» **ACTION ITEM**: The lines from the top of the data down to the line with "霍邱一中9名學(xué)生獲全國大賽決賽資格" should be repeated exactly, both ends included.

» **Items listed in a dataset**:
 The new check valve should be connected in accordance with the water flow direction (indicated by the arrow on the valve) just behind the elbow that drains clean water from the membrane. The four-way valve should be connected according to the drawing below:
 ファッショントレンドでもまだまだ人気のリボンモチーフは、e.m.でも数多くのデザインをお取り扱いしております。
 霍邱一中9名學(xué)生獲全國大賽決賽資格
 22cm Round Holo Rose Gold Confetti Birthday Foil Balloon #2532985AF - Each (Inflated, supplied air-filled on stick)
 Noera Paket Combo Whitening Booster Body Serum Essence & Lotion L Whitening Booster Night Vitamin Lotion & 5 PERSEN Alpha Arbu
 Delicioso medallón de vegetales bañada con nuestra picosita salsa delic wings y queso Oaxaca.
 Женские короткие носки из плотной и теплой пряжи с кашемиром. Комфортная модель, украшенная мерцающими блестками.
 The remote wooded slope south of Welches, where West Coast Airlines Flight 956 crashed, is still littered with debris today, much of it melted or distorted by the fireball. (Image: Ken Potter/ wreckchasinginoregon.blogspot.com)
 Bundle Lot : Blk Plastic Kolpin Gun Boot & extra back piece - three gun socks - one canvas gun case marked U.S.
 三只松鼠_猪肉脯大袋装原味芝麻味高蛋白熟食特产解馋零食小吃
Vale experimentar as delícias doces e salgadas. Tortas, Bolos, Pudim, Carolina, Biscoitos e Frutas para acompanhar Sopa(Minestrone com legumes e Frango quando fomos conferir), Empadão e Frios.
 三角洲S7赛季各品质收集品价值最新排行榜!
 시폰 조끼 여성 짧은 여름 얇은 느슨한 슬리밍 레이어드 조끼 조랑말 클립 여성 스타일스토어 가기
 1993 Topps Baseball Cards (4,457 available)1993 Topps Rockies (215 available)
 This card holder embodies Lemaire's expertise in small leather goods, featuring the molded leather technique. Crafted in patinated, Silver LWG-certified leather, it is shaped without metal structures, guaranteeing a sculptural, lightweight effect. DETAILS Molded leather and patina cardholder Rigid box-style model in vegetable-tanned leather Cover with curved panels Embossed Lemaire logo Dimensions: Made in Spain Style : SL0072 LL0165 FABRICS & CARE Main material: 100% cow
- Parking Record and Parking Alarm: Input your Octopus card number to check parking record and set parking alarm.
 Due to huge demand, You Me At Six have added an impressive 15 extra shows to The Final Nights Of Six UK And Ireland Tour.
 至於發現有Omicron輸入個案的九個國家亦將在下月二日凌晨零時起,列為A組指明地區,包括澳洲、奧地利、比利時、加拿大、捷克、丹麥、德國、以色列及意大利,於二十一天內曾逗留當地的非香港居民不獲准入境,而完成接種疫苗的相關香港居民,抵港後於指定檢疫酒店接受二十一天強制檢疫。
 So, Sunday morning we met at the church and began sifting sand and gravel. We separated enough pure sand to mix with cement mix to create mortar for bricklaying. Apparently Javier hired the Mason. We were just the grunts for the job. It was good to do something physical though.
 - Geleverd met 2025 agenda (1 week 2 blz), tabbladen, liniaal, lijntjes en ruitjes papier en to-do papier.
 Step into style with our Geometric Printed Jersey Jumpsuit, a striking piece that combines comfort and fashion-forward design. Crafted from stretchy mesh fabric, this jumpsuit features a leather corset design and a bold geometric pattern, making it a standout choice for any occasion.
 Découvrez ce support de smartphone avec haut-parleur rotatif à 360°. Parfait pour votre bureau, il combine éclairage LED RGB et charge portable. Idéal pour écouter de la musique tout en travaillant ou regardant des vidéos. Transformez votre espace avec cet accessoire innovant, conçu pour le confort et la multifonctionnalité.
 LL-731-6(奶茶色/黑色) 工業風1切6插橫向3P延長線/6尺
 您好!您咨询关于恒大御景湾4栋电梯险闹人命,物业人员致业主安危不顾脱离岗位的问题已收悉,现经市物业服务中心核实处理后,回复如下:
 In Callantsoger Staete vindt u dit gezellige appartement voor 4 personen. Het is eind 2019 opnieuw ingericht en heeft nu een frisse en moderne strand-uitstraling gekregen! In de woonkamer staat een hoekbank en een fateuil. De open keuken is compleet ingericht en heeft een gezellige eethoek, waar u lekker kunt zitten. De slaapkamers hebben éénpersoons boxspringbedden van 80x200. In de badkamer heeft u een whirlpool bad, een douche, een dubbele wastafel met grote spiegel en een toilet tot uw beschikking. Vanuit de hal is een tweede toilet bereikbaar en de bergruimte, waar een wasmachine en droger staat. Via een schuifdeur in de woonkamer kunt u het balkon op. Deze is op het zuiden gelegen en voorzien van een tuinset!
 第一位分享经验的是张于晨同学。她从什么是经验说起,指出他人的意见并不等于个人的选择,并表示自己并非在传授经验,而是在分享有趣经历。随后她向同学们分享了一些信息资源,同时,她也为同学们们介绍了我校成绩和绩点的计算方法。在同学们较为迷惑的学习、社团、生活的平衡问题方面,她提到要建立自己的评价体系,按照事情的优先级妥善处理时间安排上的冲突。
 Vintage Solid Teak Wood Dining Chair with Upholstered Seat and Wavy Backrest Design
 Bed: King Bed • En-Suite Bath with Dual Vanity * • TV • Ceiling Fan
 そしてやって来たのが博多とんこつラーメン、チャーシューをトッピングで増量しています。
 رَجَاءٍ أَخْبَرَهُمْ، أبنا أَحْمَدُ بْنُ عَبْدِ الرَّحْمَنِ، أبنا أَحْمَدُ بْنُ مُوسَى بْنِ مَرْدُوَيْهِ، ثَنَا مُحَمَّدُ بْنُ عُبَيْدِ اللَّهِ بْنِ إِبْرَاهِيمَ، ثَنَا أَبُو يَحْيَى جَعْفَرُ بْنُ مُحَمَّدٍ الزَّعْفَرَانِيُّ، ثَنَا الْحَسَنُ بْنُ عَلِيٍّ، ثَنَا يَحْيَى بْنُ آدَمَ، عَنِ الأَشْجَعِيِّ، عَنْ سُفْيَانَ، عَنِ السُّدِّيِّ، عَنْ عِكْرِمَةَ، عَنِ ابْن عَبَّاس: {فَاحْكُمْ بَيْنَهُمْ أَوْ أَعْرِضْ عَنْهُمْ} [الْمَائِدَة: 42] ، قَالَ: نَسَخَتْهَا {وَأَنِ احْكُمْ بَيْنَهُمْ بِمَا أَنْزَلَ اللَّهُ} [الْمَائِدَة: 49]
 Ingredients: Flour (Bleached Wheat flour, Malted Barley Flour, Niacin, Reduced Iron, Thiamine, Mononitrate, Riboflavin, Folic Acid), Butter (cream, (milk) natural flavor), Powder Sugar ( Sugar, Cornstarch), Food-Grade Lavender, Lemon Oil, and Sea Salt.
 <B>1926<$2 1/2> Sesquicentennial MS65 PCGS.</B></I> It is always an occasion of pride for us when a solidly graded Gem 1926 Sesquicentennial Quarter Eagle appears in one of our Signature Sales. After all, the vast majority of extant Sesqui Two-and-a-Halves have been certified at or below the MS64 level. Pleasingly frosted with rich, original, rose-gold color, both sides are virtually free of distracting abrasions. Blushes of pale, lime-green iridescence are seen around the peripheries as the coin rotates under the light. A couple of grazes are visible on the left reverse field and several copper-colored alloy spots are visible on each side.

» **TASK RESPONSE**:
 The new check valve should be connected in accordance with the water flow direction (indicated by the arrow on the valve) just behind the elbow that drains clean water from the membrane. The four-way valve should be connected according to the drawing below:
 ファッショントレンドでもまだまだ人気のリボンモチーフは、e.m.でも数多くのデザインをお取り扱いしております。
 霍邱一中9名學(xué)生獲全國大賽決賽資格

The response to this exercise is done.